Windows NT 4.0 source code leak
You can not select more than 25 topics Topics must start with a letter or number, can include dashes ('-') and can be up to 35 characters long.
 
 
 
 
 
 

172 lines
6.9 KiB

// This file contains the definition of class CVector
#ifndef __VECTOR_H__
#define __VECTOR_H__
// weighting constants
#define NEWTF_NONE 0
#define NEWTF_BINARY 1
#define NEWTF_MAXNORM 2
#define NEWTF_AUGNORM 3
#define WT_NONE 4
#define WT_TFIDF 5
#define WT_PROB 6
#define NORM_NONE 7
#define NORM_SUM 8
#define NORM_COSINE 9
#define NORM_MAX 10
// state definition constants
#define COLL_USABLE 0x00
#define COLL_UNUSABLE 0x01
#define WEIGHTED 0x02
// error definitions
#define COLLERROR_NOCONCEPTS 0xFFFFFF10
#define COLLERROR_OUTOFMEMORY 0xFFFFFF11
#define COLLERROR_BADSEQUENCE 0xFFFFFF12
#define COLLERROR_BADINPUT 0xFFFFFF13
// Weights.
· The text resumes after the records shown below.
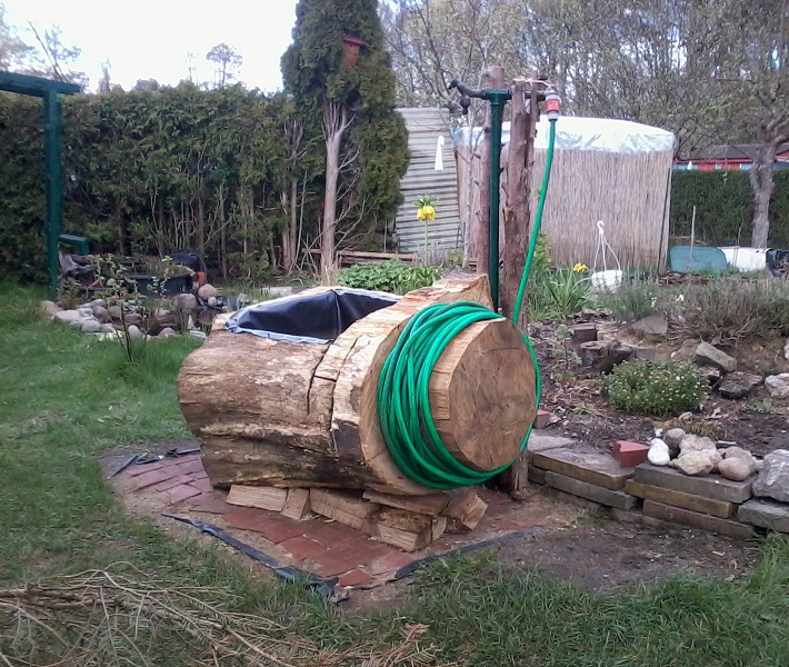 Heute haben wir dann als letzten Schritt das Fass etwa waagerecht justiert und mit Teichfolie ausgekleidet. Und natürlich Wasser reingelassen :DAllen Leuten, die den grünen Gartenschlauch als stilistisch unpassend zu dem rustikalen Behälter empfinden, gebe ich prophylaktisch schon mal recht. An Vorschlägen, einen rusikalen Gartenschlauch betreffend, bin ich allzeit interessiert. Und wenn jemand eine Idee hat, mit welcher Pflanze ich die aufrechten Stangen beranken lassen kann - immer her damit. Für dieses Jahr muss es erstmal ganz profane Kapuzinerkresse sein.
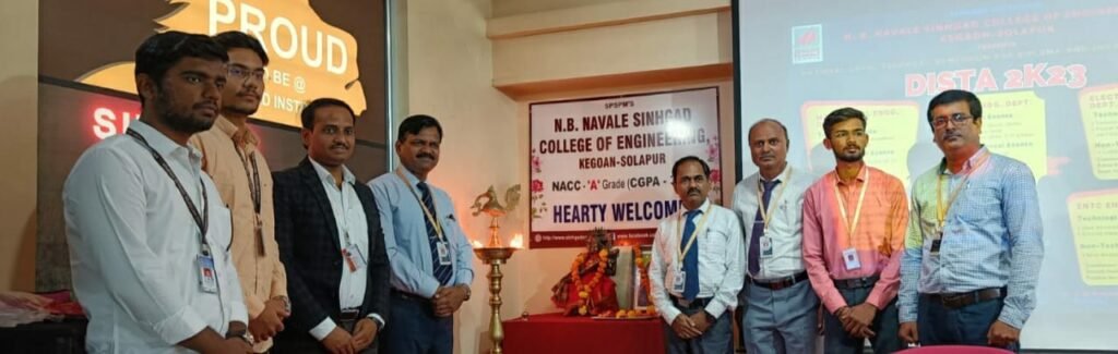 केगांव येथील एन. बी. नवले सिंहगड अभियांत्रिकी महाविद्यालयात ‘डीस्टा 2के23’ नॅशनल लेव्हल टेक्निकल इव्हेंट संपन्न झाला. या कार्यक्रमाचे उद्घाटन प्रमुख पाहुणे डूरॉक्रेट इंजिनीअरिंग सर्व्हिस प्रा. ली. चे जनरल मॅनेजर रवींद्र जगताप आणि सिंहगड महाविद्यालयाचे प्राचार्य डॉ. शंकर नवले यांच्या हस्ते करण्यात आले. यावेळी महाविद्यालयाचे उपप्राचार्य डॉ. रवींद्र व्यवहारे, डॉ. शेखर जगदे यांची प्रमुख उपस्थिती होती.
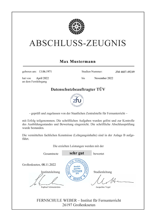 Nach erfolgreicher Beendigung des Fernlehrgangs sind Sie berechtigt, bei der TÜV® NORD Akademie oder einer Partnerakademie in der Bundesrepublik Deutschland die Prüfung zum „Datenschutzbeauftragten (TÜV®)” abzulegen und das entsprechende TÜV®-Zertifikat zu erlangen.
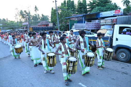 ಈ ಮೆರವಣಿಗೆಯಲ್ಲಿ ಕೇರಳದ ಚೆಂಡೆ ವಾದ್ಯಗಳು ವಿಶೇಷ ಆಕರ್ಷಣೆಯಾಗಿದ್ದವು. ಭಜನಾ ಮಂಡಳಿಗಳ ಭಕ್ತಿಗೀತೆಗಳು ಹಾಗೂ ಸಾಂಪ್ರದಾಯಿಕ ನೃತ್ಯಗಳು ಮೆರವಣಿಗೆಯ ಸೊಬಗು ಹೆಚ್ಚಿಸಿತು. ಕಾಲೇಜು ವಿದ್ಯಾರ್ಥಿಗಳು, ಎನ್‌ಸಿಸಿ ವಿದ್ಯಾರ್ಥಿಗಳು ಮತ್ತು ಊರಿನ ಪ್ರಮುಖರು ಮೆರವಣಿಗೆಗೆ ಸಾಥ್ ನೀಡಿ ಕಾರ್ಯಕ್ರಮವನ್ನು ಮತ್ತಷ್ಟು ವೈಭವಮಯಗೊಳಿಸಿದರು.
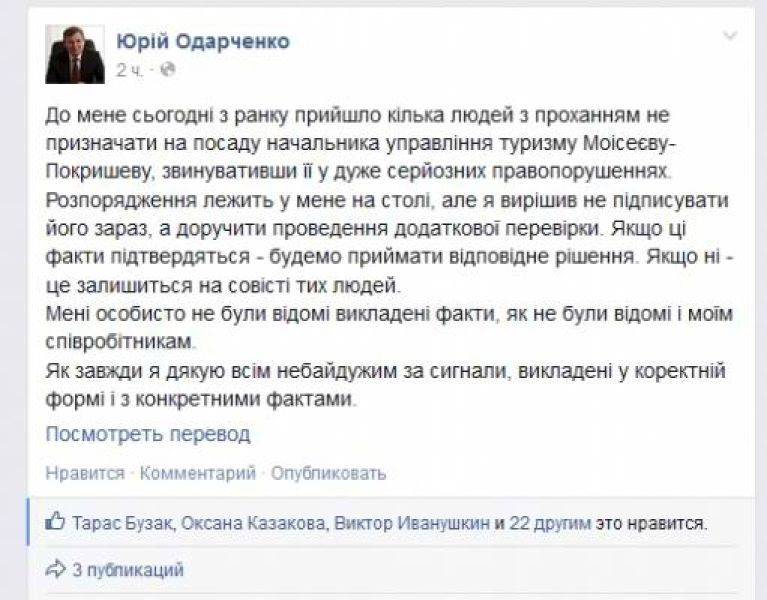 «До мене сьогодні з ранку прийшло кілька людей з проханням не призначати на посаду начальника управління туризму Моісеєву-Покришеву, звинувативши її у дуже серйозних правопорушеннях. Розпорядження лежить у мене на столі, але я вирішив не підписувати його зараз, а доручити проведення додаткової перевірки. Якщо ці факти підтвердяться — будемо приймати відповідне рішення. Якщо ні — це залишиться на совісті тих людей».
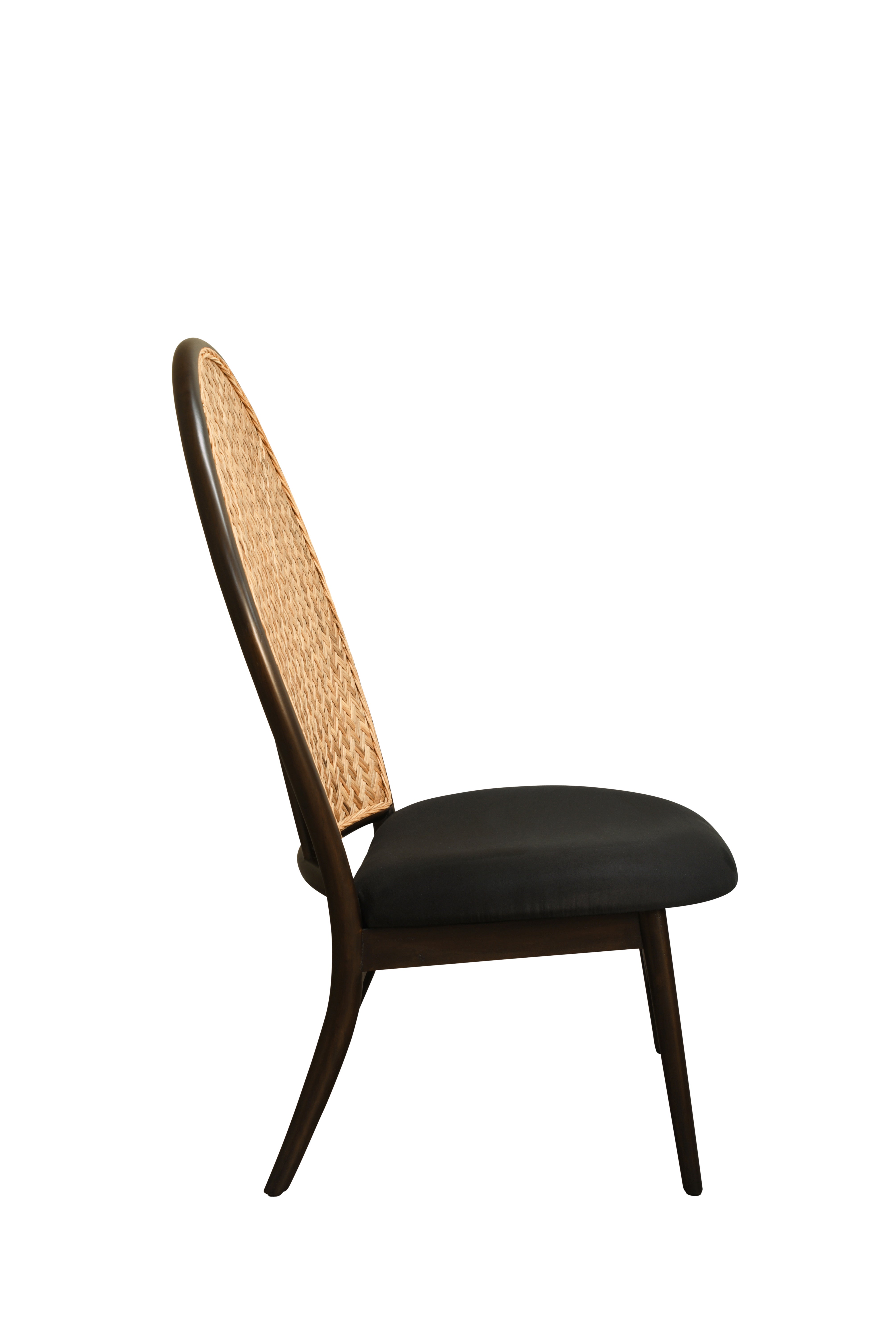 The Forio Chair from Triboa Bay allows you to bring the beauty of natural materials indoors with a piece rooted in laidback sensibilities. The back of the chair has a curved wooden frame with a zigzag weave of natural cane, while the seat hosts a comfortable thick cushion upholstered in a lightweight fabric with a linen like touch and feel. Stained black finished frame, natural weaving and twice onyx fabric upholstery make this chair stand out as a one of a kind.
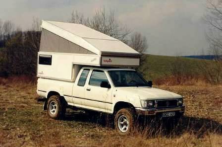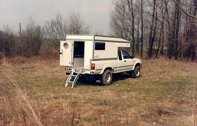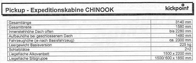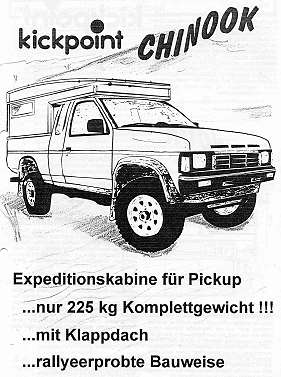 Die besonders leichte und pistenbewährte Expeditions-Klappdachkabine ,"CHINOOK" mit exzellentem Wohnkomfort kann ohne jegliche Umbauten an Fahrzeug und Kabine auf alle Pickups aus japanischer Produktion aufgesetzt werden (Opel Campo, Toyota Hilux, VW Taro 4x4, Nissan King Cab etc.) Auch eine Version für Doppelkabinenfahrzeuge ist im Programm. Eine Kabine ähnlich "Chinook" wird im Herbst ´96 für Land Rover Defender 130 Crew Cab vorgestellt.
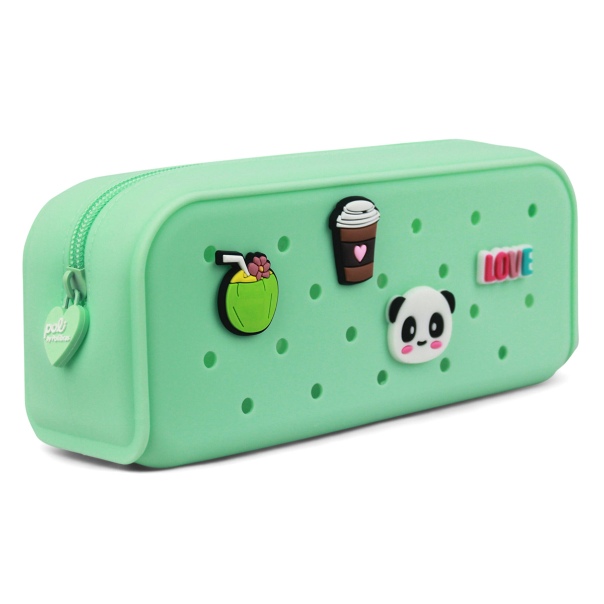 Lindo Estojo Escolar em silicone, com 4 pingentes muito fofos, da POLIBRAS

A 1.0 is represented in fixed point as 0xFFFF
#define WT_ONE 0xFFFF
// macros to enhance readability
#define DocSentinel(i) *((LPDWORD)m_vbVectorRange.Base + i)
#define Concept(i) *((LPDWORD)m_vbVectorConcept.Base + i)
#define TermFreq(i) *((LPWORD)m_vbVectorTermFreq.Base + i)
#define TermWt(i) *((float *)m_vbVectorWt.Base + i)
// BugBug : For now assume that no term frequency will overflow. So get the value from
// the term freq array. Later on, however, you will have to see if there is
// an over flow and if so, get the overflow.
#define GetRealTermFreq(i) *((LPWORD)m_vbVectorTermFreq.Base + i)
// Macro DocFreq is only meaningful UNTIL inversion. Before inversion, we reuse the cDocFreq field
// to hold the cumulative document frequencies instead of the raw frequencies. The advantage is that
// we don't have to use an extra field to hold a pointer to the wt list of a concept. We do, however,
// still have to maintain a field for the Doc list of a concept because this list if compressed.
#define DocFreq(i) ((ConceptStruct *)m_vbConcepts.Base + i)->cDocFreq
// DocFromCumFreq is only meaningful FROM inversion. cDocFreq changes from a holder of raw doc count
// to a pointer to the beginning of the list.
#define DocFromCumFreq(i) (((ConceptStruct *)m_vbConcepts.Base + i+1)->cDocFreq - ((ConceptStruct *)m_vbConcepts.Base + i)->cDocFreq)
#define DocList(i) ((ConceptStruct *)m_vbConcepts.Base + i)->pDocList
#define CodeByte(i) *((LPBYTE)m_vbDocInvIndex.Base + i)
#define DocWtCount(i) m_acDocWts[i]
#define Document(i) m_aDocInvIndex[i]
#define Weight(i) m_aWtInvIndex[i]
#define DocIdFromInvList(con, i) m_aDocInvIndex[((ConceptStruct *)m_vbConcepts.Base + con)->pDocList + i]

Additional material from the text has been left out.